First, how do we pay for it all? The party has committed to balance the budget but has also committed to some major new spending initiatives, albeit some are openly billed as aspirational. Take, for instance, the party’s pledge to continue raising the personal allowance until it reaches £12.5k (the current minimum wage level), and then, as an aspiration, to start raising the national insurance threshold to £12.5k too. Each is hugely expensive. Combined with other spending commitments and the need for continuing severe austerity to reduce the deficit and something will have to give.

Secondly, what are our top-lines? In 2010, the party listed four top priorities: tax-cuts for low-earners, the Pupil Premium, the Green Investment Bank, and political reform. Four years later, we can put ticks against the first three, and a cross against the fourth (though that’s mostly the result of Labservative opposition). What will be our equivalents in 2015? That’s still to be decided.

Thirdly, what are our red-lines? In 2010, the party vetoed a number of Tory manifesto ideas, such as prioritising inheritance tax-cuts for the wealthy. However, we infamously didn’t draw a red-line around our tuition fees commitment (the Coalition Agreement enabled Lib Dem MPs to abstain, though when it came to the vote the parliamentary party split three ways). It’s safe to say the leadership has learned its lesson: there will be no open-ended commitment to vote for/against individual policies no matter what the circumstances.

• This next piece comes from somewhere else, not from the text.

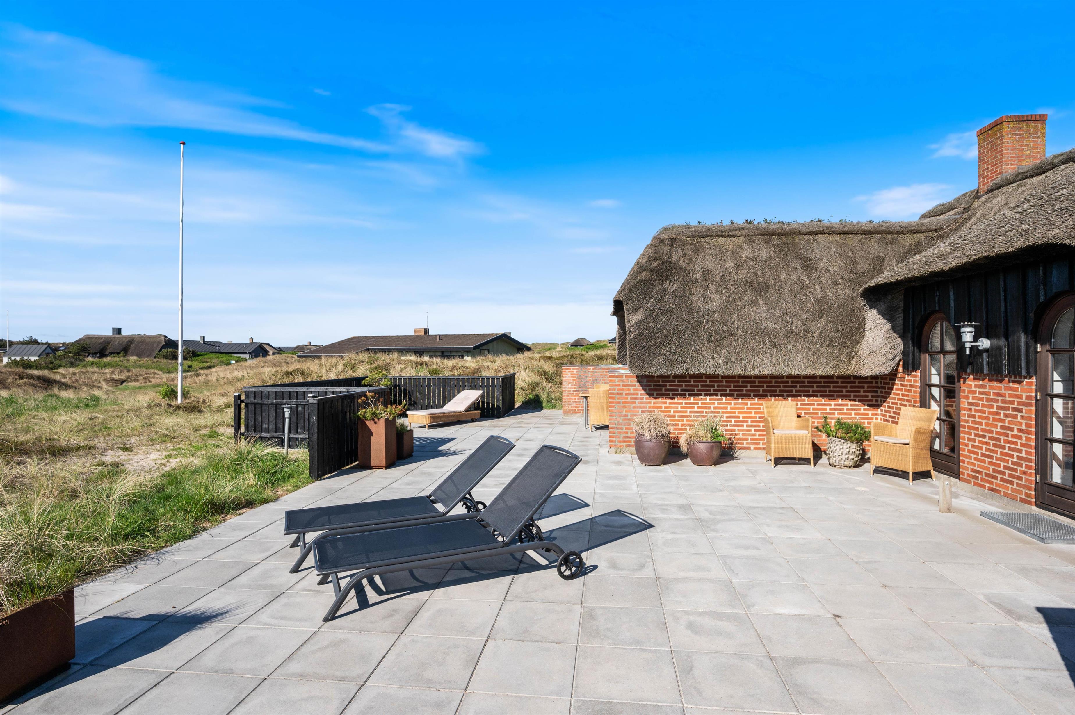 Det brusende Vesterhav befinder sig 500 meter fra feriehjemmet og inviterer til lange spadsereture langs vandet og bølgebadning i årets lune måneder. Fra klittoppen kan I også overvære de smukke solnedgange helt tæt på, når dagen går på hæld.

That does, however, run the risk of looking slippery.

**

The 19 manifesto policies announced over the summer:

Protecting education spending: Extend the protection to all education funding from early years through school to college
Parental Guarantee: A core curriculum taught by qualified teachers
Curriculum for Life: Children in state-funded schools, including academies and free schools, will be guaranteed age appropriate sex and relationship education, as well as financial literacy and citizenship lessons
Early Years Pupil Premium: We will more than triple investment in the early years pupil premium from £300 to £1000 per child under manifesto plans
‘Daddy Month’: We will expand shared parental leave with an additional four week ‘use-it-or-lose-it’ paternity leave period
Balance the budget: Aim to balance the structural current budget by 2017/18 and set a course to reduce debt as a share of national income. Make deficit reduction fair by ensuring high earners and the wealthiest pay their share. Set new fiscal rules to balance the budget while allowing borrowing for productive investment. Increase public spending again in line with growth in the economy once the budget is balanced.
Cutting taxes for working people: Raise the income tax threshold to £12,500 before beginning to raise the National Insurance threshold
Making our tax system fairer: We will increase taxes on the wealthiest, including raising Capital Gains Taxes and introducing a High Value Property Tax. Our manifesto plans include: Introducing a banded High Value Property Levy on residential properties worth over £2m; limit tax relief on pensions to a pot of £1m; maximising revenue from Capital Gains Tax by aligning rates more closely to Income Tax
300,000 homes: Set an ambitious target of increasing the rate of house building to 300,000 a year
Ring fence NHS budget: NHS spending will rise by at least the rate of inflation over the next Parliament. We also announced they will pool health and social care budgets. This would help make care more tailored towards individual patients and reduce inefficiencies
Help for Carers: We will support carers with a package of measures designed to make their lives easier. The package includes an annual Carer’s Bonus of up to £250 and raising the amount carers can earn before losing their allowance. It also contains measures for more flexible working hours, support in returning to the jobs market and a scheme informing carers of their rights and giving them access to facilities
Mental health: We will establish a mental health research fund worth £50m per year to help bridge the gap between physical health and mental health treatment
Drugs: We will end imprisonment for drug users whose only crime is possession for personal use. They will instead receive non-custodial sentences and appropriate medical treatment
Safe Standing: Clubs in the Premier League and Championship will be allowed to work with their supporters to introduce standing areas, which provide better atmospheres and allow clubs to offer cheaper safe standing season tickets
Stop and Search: We want to help transform community relations and the public’s trust in the police through tightening the laws on stop and search, and requiring some police officers to wear body cameras when they stop someone. We will introduce rules making the wearing of body cameras by officers mandatory for: Section 60 stop and search areas; officers armed with firearms; members of Territorial Support Groups
Tree planting: Within the first year of entering government we will develop the national tree planting programme in order to plant one tree for every child born in England. We estimate this will be approximately 700,000 to 750,000 trees per year
Benefits yellow card: Under manifesto proposals people claiming unemployment benefit would be given a final warning for failing to stick to claimant conditions. Claimants would be given a reminder of their obligations and clear information about the sanction process which would only be triggered in the event of a further misdemeanour
High Pay: Companies will be forced to publish their highest earners pay. Our outline plans to encourage fair pay deals by requiring companies with over 250 employees to publish the pay levels of their highest paid employee and median pay across the Company. And we will require these larger companies to consult employees on executive pay proposals to help put downward pressure on excessive awards

Update: make that 21 – here’s another 2 policies also pre-announced:
Scrapping the Severn Bridge tolls once the bridges are returned to public ownership and any outstanding debts are paid off (see here).
Reforming funding to the Welsh Government to make up the shortfall (see here).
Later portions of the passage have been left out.